The basic story has had a bit of a tweak, but doesn't stray too far from the original's party in a haunted house plot. Angela, now doing e-vites because this is a modern retelling, again hosts a Halloween party, this time at a house where a bunch of people disappeared and a woman hung herself on Halloween years before. Edward Furlong, stepping up slightly from the abysmal Cruel World, is a small time drug dealer who has to sell big at the party or he's in trouble. Furlong looks terrible, but he must be fairly fit because he's able to toss demons off his back with ease. Anyway, the cops shut the party down, and Furlong, some stragglers and Angela stay behind after all the others leave. Furlong easily finds a hidden room in the basement which contains corpses, a development that makes you wonder if the police who were investigating the earlier disappearances even took a cursory look around the house, and then Angela gets possessed by a demon. Trapped on the property by a now mysteriously locked gate, the friends hunker down to unwillingly spend the night, little realising it won't be boredom that kills them.

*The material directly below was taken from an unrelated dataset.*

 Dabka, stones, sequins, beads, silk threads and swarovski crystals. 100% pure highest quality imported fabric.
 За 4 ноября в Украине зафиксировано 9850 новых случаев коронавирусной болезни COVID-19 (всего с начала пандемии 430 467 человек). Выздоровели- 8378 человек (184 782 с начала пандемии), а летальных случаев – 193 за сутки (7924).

The remake has quite a few nods to the original like bad acting, poor scripting, stupid dialogue, lame jokes and Linnea Quigley reprising her famous moment, but it really should have been more in the vein of Trenchard-Smith's follow up because that was, you know, good. The risqué content has been upped from the original, with demon anal sex and a more explicit ending to the original's lipstick gag, but the film has far less nudity. There's just a fleeting glimpse of one woman's chest, then some breasts that are either a fake mould or a terrible cross to bear for the poor actress that sports them. Other than that, clothes stay on. The gore is okay, but there's not a huge amount, and the demon makeup is laughable. The worst is Angela's, which makes her look like some sort of pasty goat monster.

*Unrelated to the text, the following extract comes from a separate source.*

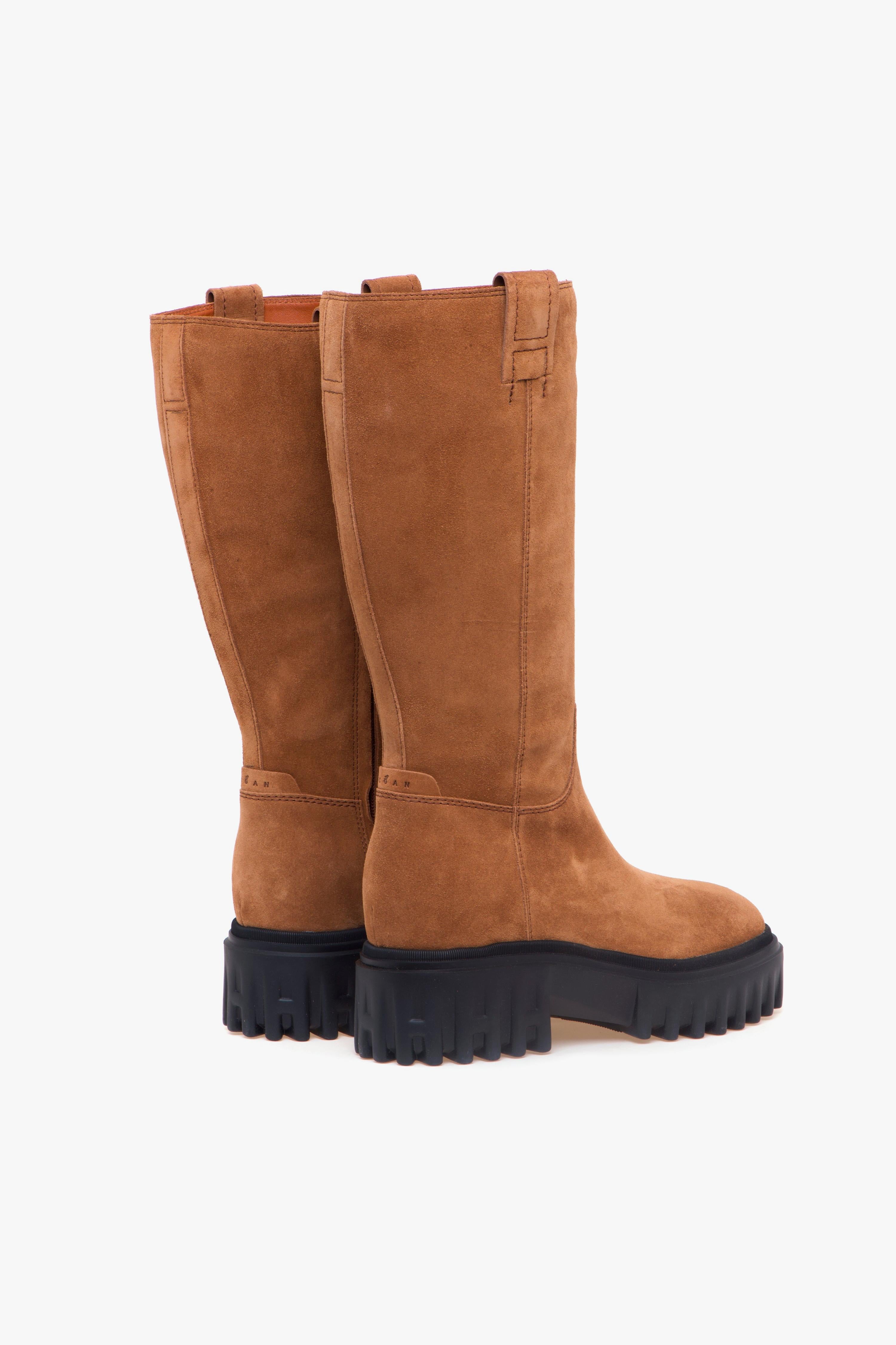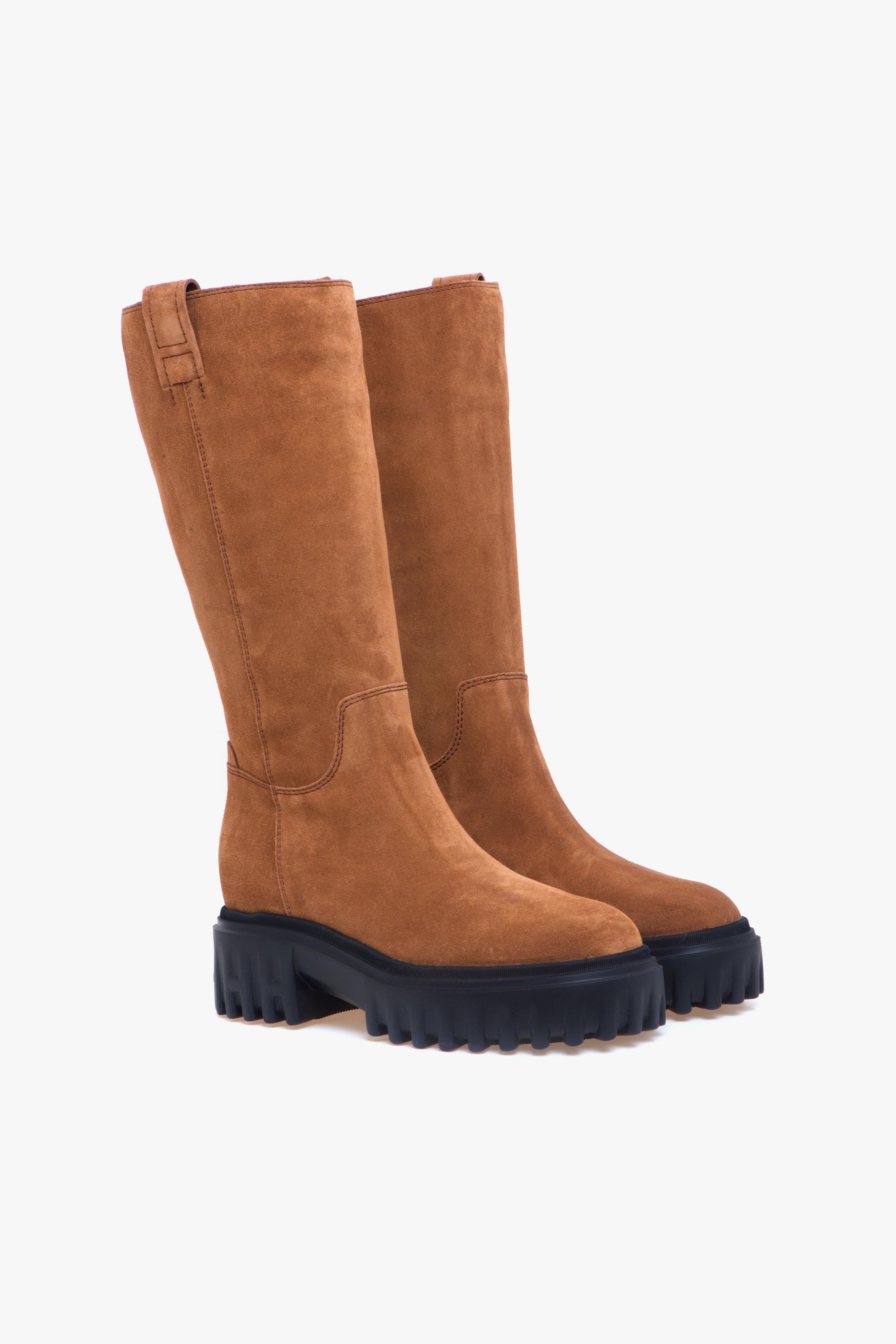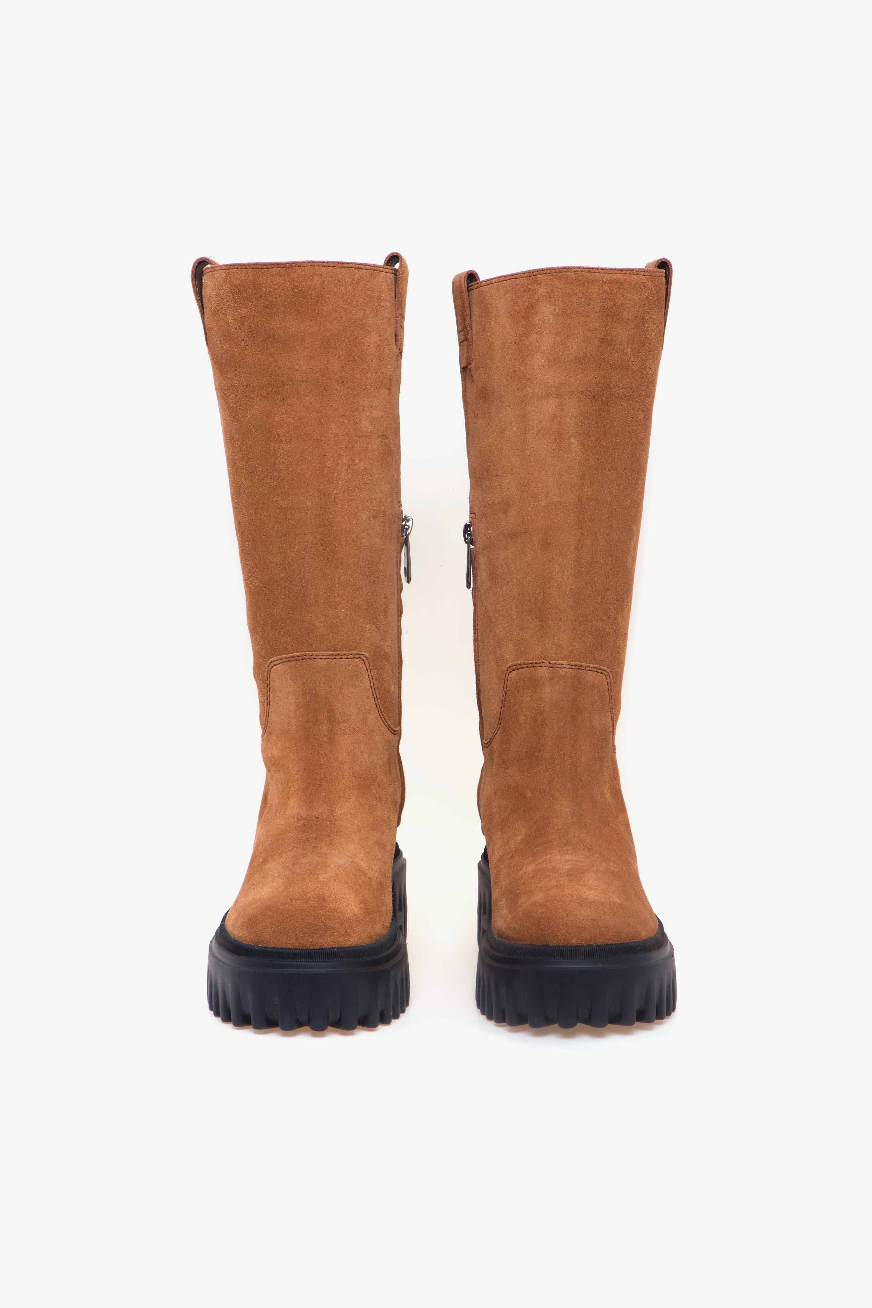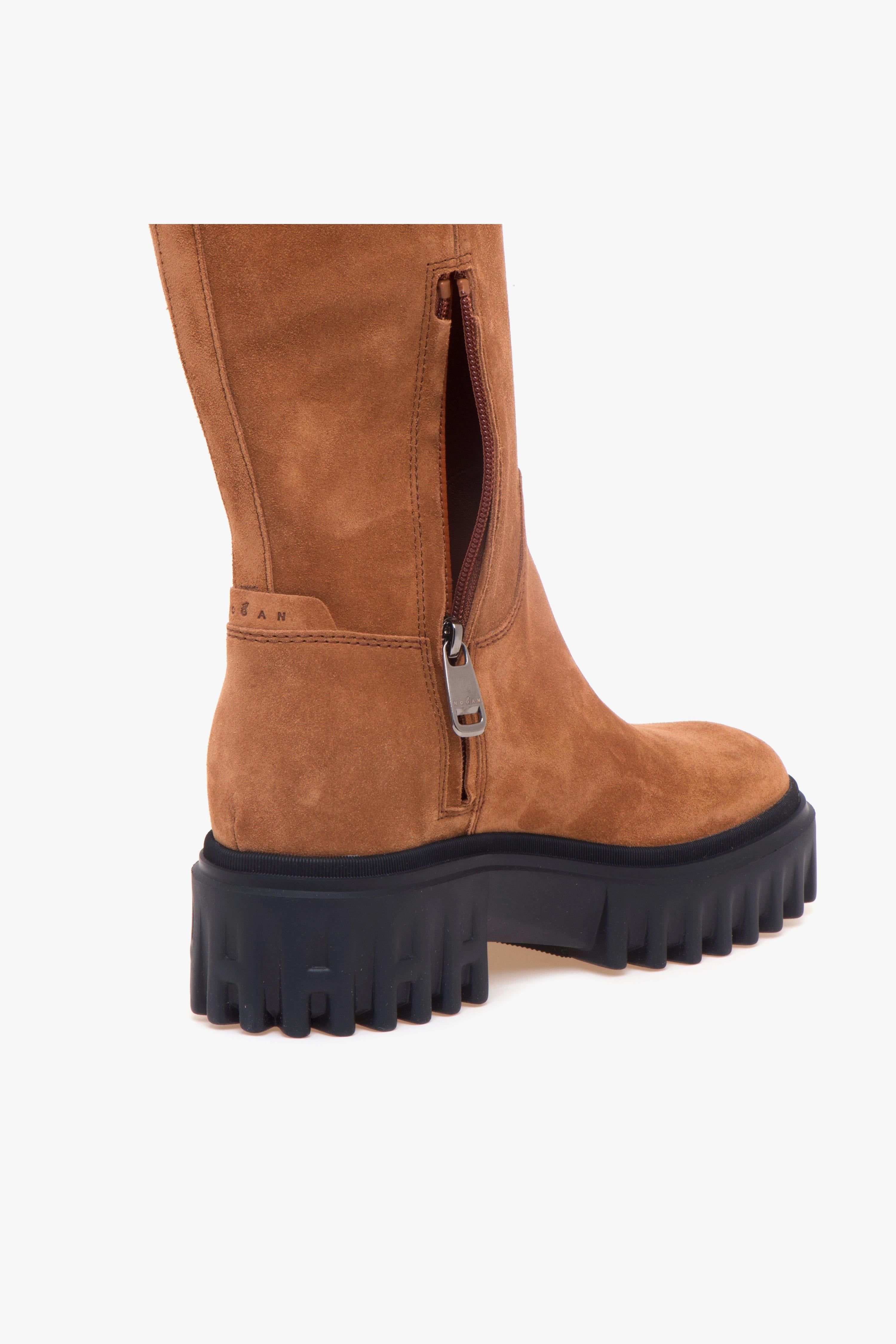 Il nuovo stivale Hogan unisce la pulizia del design classico a dettagli moderni che ne esaltano l’identità. La tomaia in camoscio cammello, con leggere sfumature più scure su punta e tallone, dona profondità alla texture e definisce un’estetica raffinata e curata nei minimi particolari.Il gambale tubolare, garantisce una calzata comoda e una struttura flessibile, ideale per l’uso quotidiano grazie anche alla zip presente sul lato interno.Elemento distintivo del modello è la suola in gomma ispirata all’iconica sneaker H-Stripe di Hogan, con un motivo a righe verticali che culmina nel tacco, dove si trasforma in una "H" stilizzata, richiamo grafico al logo Hogan. Un dettaglio unico che racconta la firma del brand con discrezione e modernità.Internamente, la fodera in pelle offre traspirabilità e una sensazione di comfort prolungato, mentre il sottopiede in memory foam assicura un’ammortizzazione su misura, seguendo ogni passo con leggerezza e supporto.Pensato per chi cerca una calzatura funzionale senza rinunciare allo stile, lo stivale Hogan coniuga qualità artigianale italiana, design urbano e comfort contemporaneo in una proposta versatile e distintiva.Caratteristiche principali:# Tomaia in camoscio ingrassato su punta e tallone.# Gambale tubolare con zip.# Suola in gomma leggera con motivo a righe verticali e “H” stilizzata sul tacco.# Fodera interna in pelle.# Sottopiede in memory foam per massimo comfort.# Made in Italy.Perfetto per i mesi più freddi, aggiunge un tocco di sobria eleganza a ogni look quotidiano.

The film directs a valid criticism at those that would pick apart the nonsensical proceedings, but then sets itself up for attack by trying to logically explain things like the demons' aversion to rust. Yes, rust. I don't get it either. Setting up the script for logical examination was a bad idea because the movie has a fairly major plot hole that means the demons are either racist or so stupid they deserve to be defeated.

It's quite clear where most of the budget for Night of the Demons was spent. The soundtrack features songs from T.S.O.L., Type O Negative ("Black No. 1," no less) and Concrete Blonde, not to mention a few other recognisable horror themed punk and rock acts. Because all the money went to licensing these songs, there was unfortunately nothing left to hire a decent screenwriter, so director Gierasch decided once again to collaborate with Anderson. It's either that or these two still fancy themselves good writers despite having Mortuary on their resume.
Night of the Demons looks a bit dark, which was probably done on purpose, but results in some clarity loss. The film has a few spots and some noticeable video grain in a few short sequences, but is otherwise clean, except for deliberate attempts to make the flashbacks look like an old movie.
It's not listed on the slick, but the DVD does include a 5.1 mix which is a good thing because the track is the best thing about the movie, and not just because it has some good music on it. The mix is loud, things come out to get you, and there're lots of little touches to immerse you in the film. There's a 2.0 mix included as well, but it's completely unnecessary since it lacks the dynamics of the 5.1 When I cranked up the volume it was almost like the movie was assaulting me, which I loved.
Extra Features
The Verdict
Movie Score
Disc Score
Overall Score
Trenchard-Smith showed how well a direct to video movie can be done in this very franchise, but this remake is more middling horror from a scriptwriting team that appear to thrive on it. It seems they're genuinely dedicated and love the genre, but they need to bring someone in to doctor their scripts if they ever want to produce anything great.